And step 302, sending the configured linkage rule to a gateway.

As an example, the following describes a chain-type serial configuration between rules and its coordinated control. Referring to fig. 4, fig. 4 is a schematic flow chart of linkage control using the current execution state of the present linkage rule as one of the constraints of the next linkage rule.

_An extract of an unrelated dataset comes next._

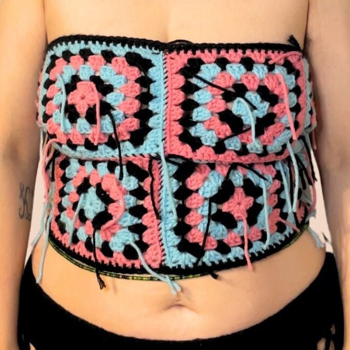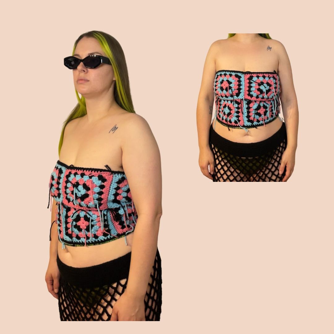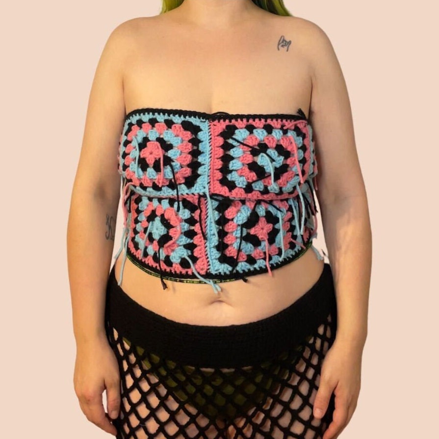 🦋The Barbara Tube Top has an open back and is secured with a criss cross crochet tie. This cute summer top is perfect for a day at the beach or a night out and is so versatile! Pairs great with our Fishnet Maxi Skirt. Granny Square Crochet Handmade Tube Top.
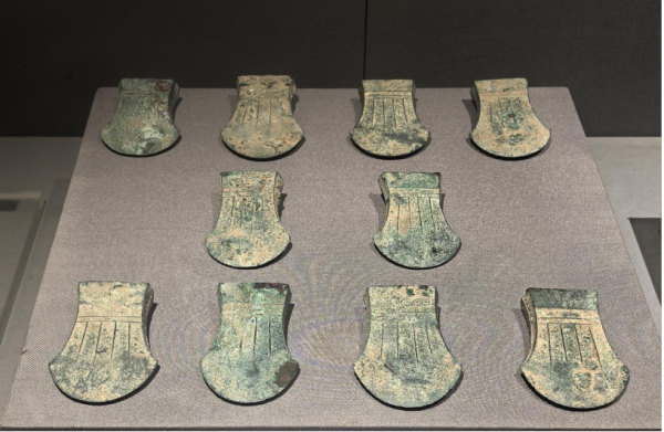 1959年黄材镇寨子山出土兽面纹铜瓿中所藏,共计224件。斧有长方形銎,弧形双面刃,刃部外扩。斧身两面饰线条纹。

At the terminal side, a user configures a plurality of linkage rules, wherein:

the linkage rule 1 comprises a trigger condition 1 and a trigger target 1;

the linkage rule 2 includes a trigger condition 2 and a trigger target 2, the trigger condition 2 includes at least a state 1 set based on the trigger target 1,

the linkage rule 3 includes a trigger condition 3 and a trigger target 3, the trigger condition 3 includes at least a state 2 set based on the trigger target 2,

……

by the way of analogy, the method can be used,

the linkage rule i comprises a trigger condition i and a trigger target i, wherein the trigger condition i at least comprises a state i-1 set based on the trigger target i-1; the setting state of the trigger target i being executed is used as one of the trigger conditions i +1 in the linkage rule i + 1.

i is a natural number.

For a trigger target having process control, the status may be a progress in the process control, including an intermediate result in the process control of the trigger target, or a final result in the process control of the trigger target; for a trigger target that does not have process control, the state is the final result of the trigger target being executed.

In this way, the user uses the linkage rule configured by the terminal and the executed state of the linkage rule as the trigger condition of the next linkage rule, thereby realizing the nesting of the trigger conditions among the linkage rules.

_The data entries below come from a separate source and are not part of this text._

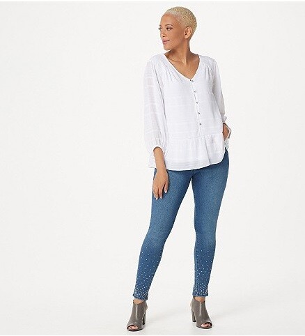 H Halston Premier Denim Studded Ankle Jeans New Medium Indigo Blue Description H by Halston Stud details qualify these ankle jeans for front-row placement in your go-to bottom lineup. From H by Halston. The features are: Brand new Hardware: zip-front closure with signature button, stud detail Features: ankle length, two pockets with coin pocket, two back patch pockets Rise: slightly below the waist Fit: fitted; cut to follow the lines of the body Leg Shape: slim leg; fits close to the body through the entire leg Inseam: missy/plus inseam 28" Content: 62% cotton/33% polyester/3% other fiber/2% elastane Care: machine wash, tumble dry Be sure to check out my Ebay Store. Enjoy! Payment, Shipping & Return Information U.S. Buyers to pay shipping and handling of 0 for 1st item. For each additional item add 0 . For shipping discount to apply, all items need to paid in one combined payment. Missouri Residents to pay Sales Tax Items may returned in original condition for a refund of the purchase price. Shipping costs will not be refunded, unless an error was made by us. International Shipping rates: Canada via 1st class international: 16.95 Worldwide via 1st class international: 21.95 For Multiple item shipping discounts, Priority Mail or Express Mail International please contact me for a shipping Quote International Buyers - Please note: Import duties, taxes and charges are not included in the item price or shipping charges. These charges are the buyer's responsibility. Please check with your country's customs office to determine what these additional costs will be prior to bidding/buying. Due to the USPS raising international shipping costs, I may have to package without the shoeboxes for some International Shipments. We accept Paypal. Thanks for Looking.
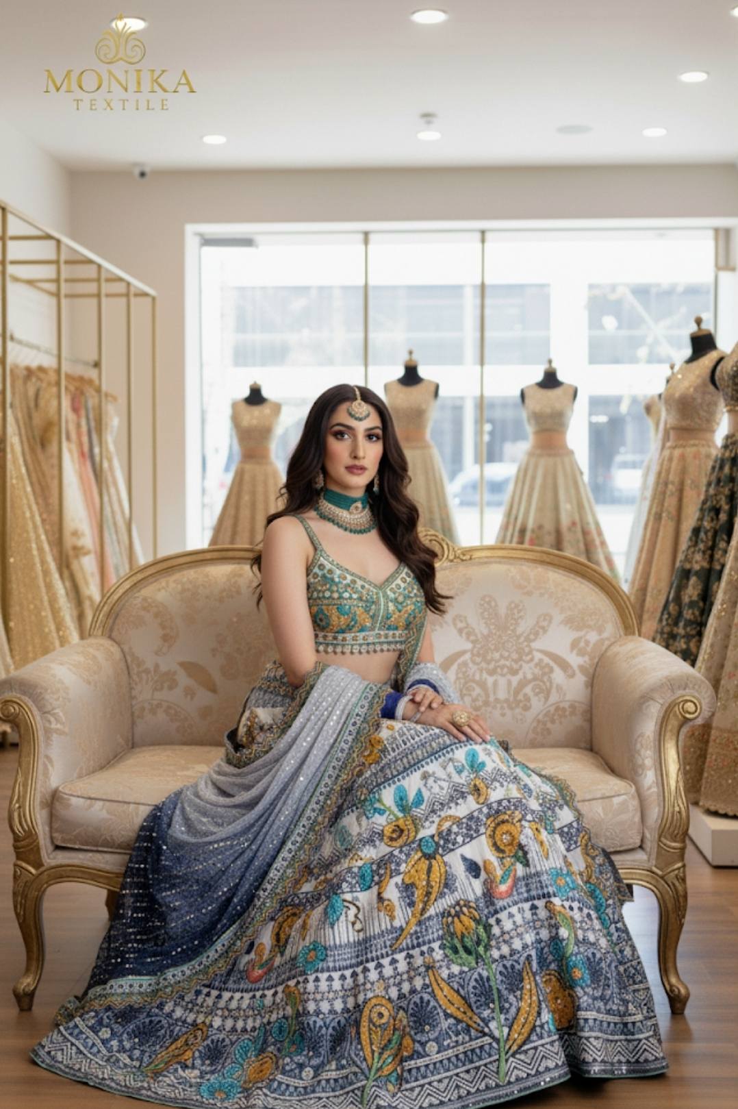 Sway into the spotlight with this breathtaking creation by Monika Textile. Crafted on luxurious Shamose Silk, this lehenga is designed to make an entrance!
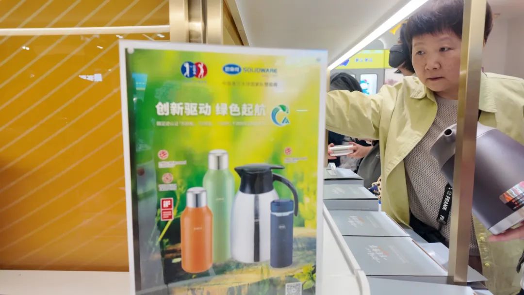 走进南京路步行街的一家食品店,一家销售思乐得不锈钢保温容器产品的柜台被顾客包围了三层和三层,非常热闹。这是五一假期前夕,商场打造的一个全新的“出口内销”柜台。品牌工作人员热情地向客户介绍产品,产品亮点、活动优惠等问题成为大家关注的焦点。
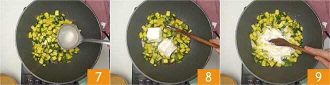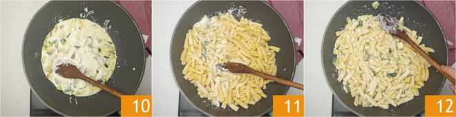 Behalten Sie zwei Kellen Nudelwasser bei und geben Sie sie zu den Zucchini 7. Fügen Sie die Robiola hinzu 8 und mischen Sie, um sie zusammen mit zwei Esslöffeln Milch schmelzen zu lassen 9.

And on the network side, after receiving the configuration linkage rules from the user terminal, the gateway generates a control logic according to the configuration linkage rules, wherein the control logic comprises a trigger sequence formed by trigger conditions in each linkage rule according to a time occurrence order. According to the trigger sequence in the control logic, when the trigger conditions in the trigger sequence are sequentially met, the gateway sequentially executes the trigger targets linked by the trigger conditions, that is, when the state set when the last trigger target is executed is detected, the gateway executes the trigger target.

For example, the control logic generated by the linkage rule 1 to the linkage rule i is: trigger condition 1, trigger condition 2, and … trigger condition i in turn.

When the gateway acquires the trigger condition 1 at the moment 1, executing the trigger target 1 linked by the trigger condition 1,

when the gateway acquires the trigger condition 2 at time 2, that is, when the gateway acquires the state 1 set based on the trigger object 1 at time 2, the trigger object 2 linked by the trigger condition 2 is executed,

…

by the way of analogy, the method can be used,

and when the gateway acquires the trigger condition i at the time i, namely the gateway acquires the state i-1 set based on the trigger target i-1 at the time i, executing the trigger target i linked by the trigger condition i.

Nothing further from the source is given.